Hexamethylene diisocyanate, oligomers, reaction products with 3-methoxypropylamine

Administrative data

Description of key information

Key value for chemical safety assessment

Repeated dose toxicity: via oral route - systemic effects

Link to relevant study records

Reference

Endpoint:

short-term repeated dose toxicity: oral

Type of information:

experimental study

Adequacy of study:

key study

Study period:

From January 17, 2017 to March 05, 2017

Reliability:

1 (reliable without restriction)

Rationale for reliability incl. deficiencies:

guideline study

Justification for type of information:

The dose levels were selected based on available acute oral toxicity data (LD50 > 2000 mg/kg bw in rats and based on the results of the Dose Range Finding (DRF) study. The aim was to induce toxic effects but ideally no death or suffering at the highest dose and a NOAEL at the lowest dose level.

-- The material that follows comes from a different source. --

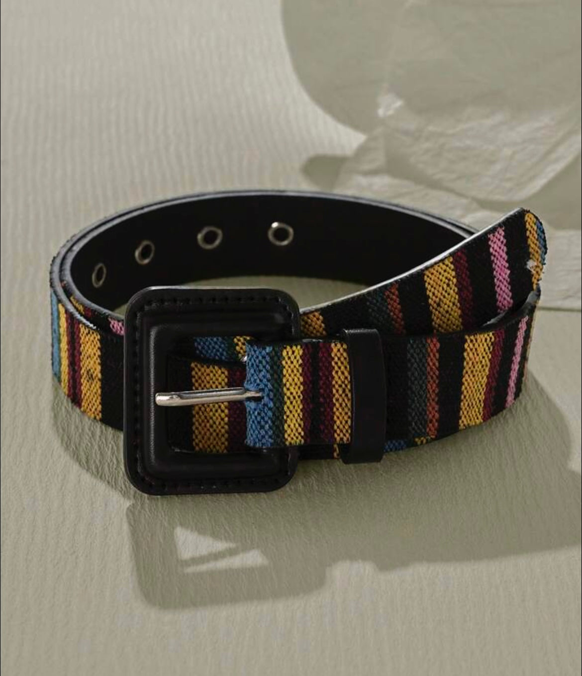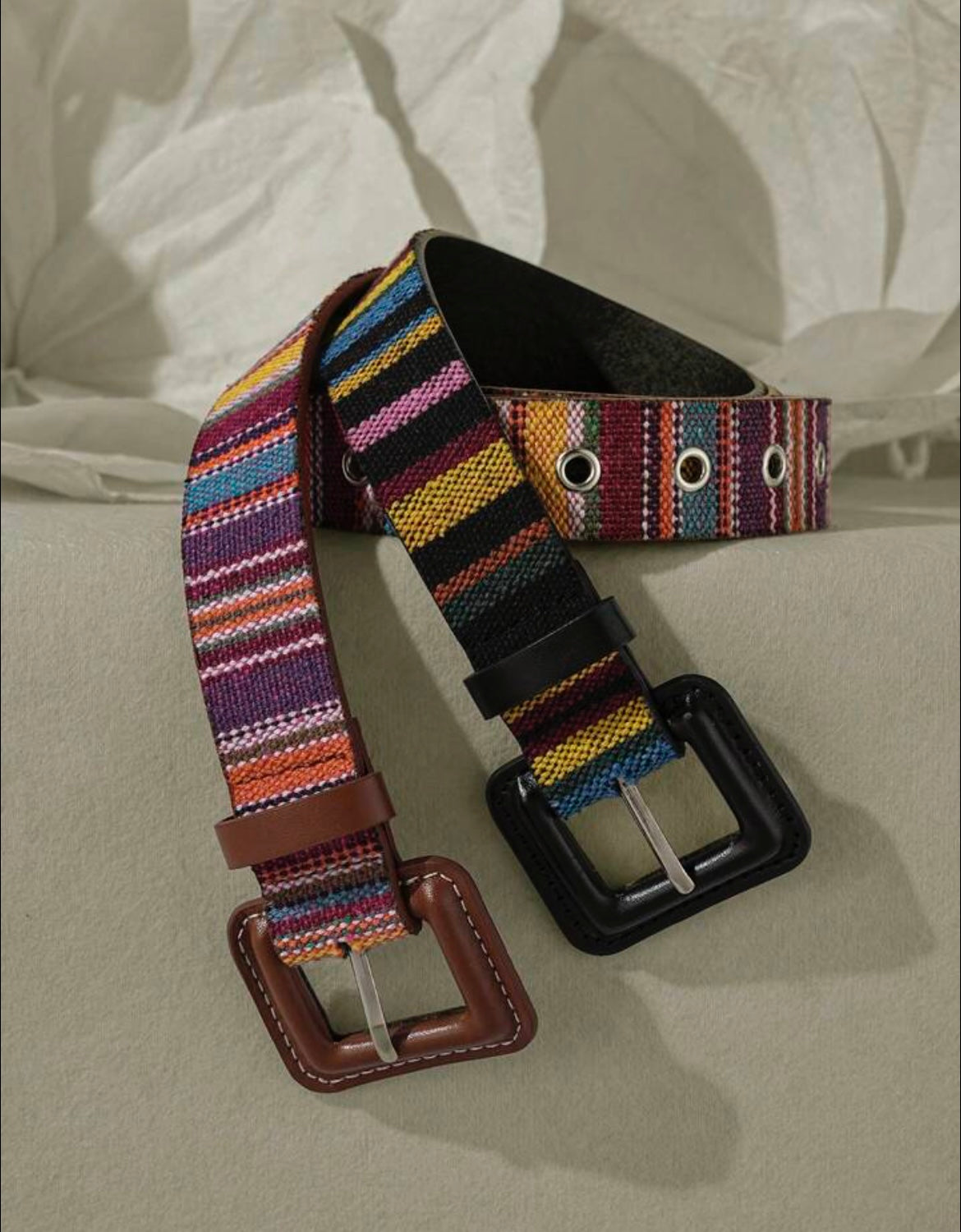 Cinturón con base de cuero sobre el que se tejen hilos de algodón. El acabado lateral es un cordón trenzado de piel natural. El largo del cinturón es de 80 cm aprox.
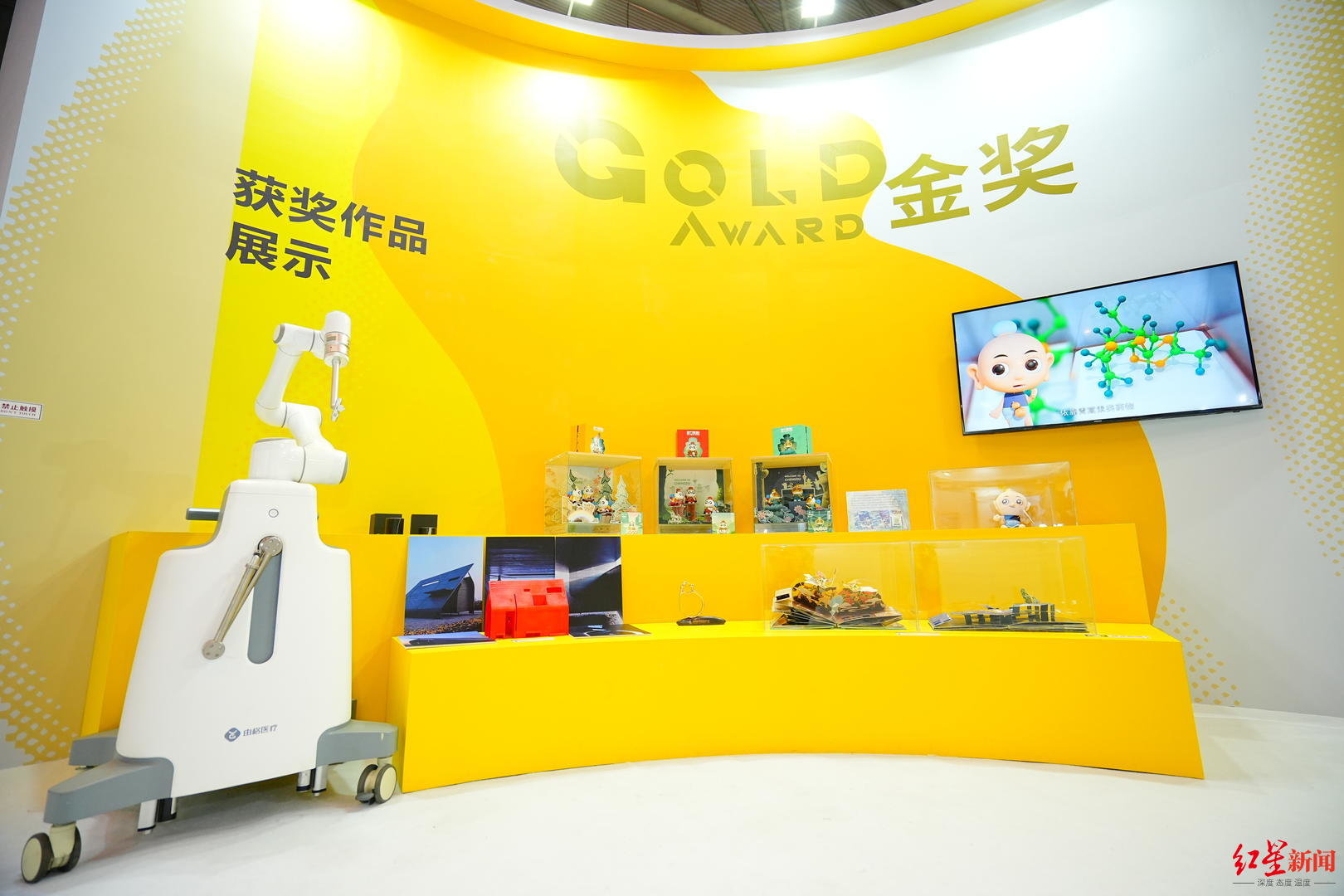 值得一提的是,今年的“金熊猫天府创意设计奖”金银铜奖区阵容显得格外强大——时尚创意设计类金奖《慢物质-锡木作-弥生茶仓》、数字创意设计类金奖《灸童说:中医药献给世界的礼物“青蒿素”》、工业创意设计类金奖《“妙髓”全场景智能骨科手术机器人》、文旅创意设计类金奖《孩子之间上的非遗Ⅱ天府之旅》及空间创意设计类金奖《榭 Wooden Pavilion 1》五大类别金奖作品及特别奖“幸福天府·成都礼物”金奖《旅行熊猫系列文创产品》集体亮相。C型移动式X光射线机、子母熊猫餐具、Black wine label、变脸盖碗等银奖及铜奖作品的近百件产品,也都以影像、实物或模型的形式在现场进行了展示,吸引不少创意设计企业及爱好者现场打卡。

During the Dose Range Finding study, no treatment related adverse effects were seen at dose levels of 100, 300 or 1000 mg/kg bw/day.

Qualifier:

according to guideline

Guideline:

OECD Guideline 422 (Combined Repeated Dose Toxicity Study with the Reproduction / Developmental Toxicity Screening Test)

Deviations:

no

GLP compliance:

yes (incl. QA statement)

Limit test:

no

Specific details on test material used for the study:

CAS No.: 162492-07-1; EC No.: 500-740-9; Batch No.: 1591ZG-101; Purity: ca. 100 %; Appearance: white fine powder

Species:

rat

Strain:

Wistar

Details on species / strain selection:

The rat is regarded as a suitable species for toxicology and reproduction toxicology studies. Wistar rat was selected due to experience with this strain of rat in toxicity and reproduction toxicity studies and known fertility. Crl:WI rats were used for dose range finding study.

Sex:

male/female

Details on test animals or test system and environmental conditions:

Species and strain: Crl:WI Wistar rats
Source: Charles River Laboratories, Research Models and Services, Germany, from SPF colony
Hygienic conditions: standard laboratory conditions
Number of animals: 48 male, 48 female rats, 12 animals/sex/group, 4 groups
Age of animals: young adult rats, approximately 10 weeks old at start and 12 weeks old at mating
Body weight range: males: 408-443 g, females: 240-267 g; did not exceed ±20 % of the mean weight for each sex at onset of treatment
Acclimation period: 5 days

Husbandry
Animal health: only healthy animals were used for the test, as certified by the clinical veterinarian. Females were nulliparous and non-pregnant.
Cage type: type II polycarbonate
Bedding: LIGNOCEL ¾ S certified wooden chips produced by J. Rettenmaier & Söhne GmbH+Co.KG, Germany
Nesting: Arbocel nest building material produced by J. Rettenmaier & Söhne GmbH+Co.KG, Germany
Light: 12 hours daily
Temperature: 19.0 – 24.8 °C
Relative humidity: 24 – 69 %
Ventilation: 15-20 air exchanges/hour
Housing/Enrichment: rodents were group-housed, up to 4 animals of the same sex and dose group/cage with the exception of the mating and gestation/delivery period when they were paired or individually housed, respectively

Food and water supply
Animals received ssniff SM R/M "Autoclavable complete diet for rats and mice – breeding and maintenance" produced by ssniff Spezialdiäten GmbH, Germany, ad libitum, and tap water from the municipal supply from a 500 mL bottle, ad libitum. The food is considered not to contain any contaminants that could reasonably be expected to affect the purpose or integrity of the study.

Animal identification
Each parental/adult animal (P Generation) was identified by a unique number within the study, written with indelible ink on the tail.

Route of administration:

oral: gavage

Details on route of administration:

The dosing solutions were administered to the test substance or vehicle-treated (control) animals daily on a 7 days/week basis, by oral gavage using a tipped gavage needle attached to a syringe. A constant volume of 5 mL/kg bw were administered to all animals. The actual volume to be administered were calculated and adjusted based on each animal’s most recent body weight.

Vehicle:

olive oil

Details on oral exposure:

The test substance was formulated in the vehicle with a pestle and mortal or with a “Ultra Turrax T-25” mixer. Formulations were prepared daily. Male and female rats were treated for 2 weeks pre-mating and then during the mating/post-mating periods. This was 28 days in total for males. Females were treated throughout gestation and up to and including post-partum/lactation Day (PPD) 4.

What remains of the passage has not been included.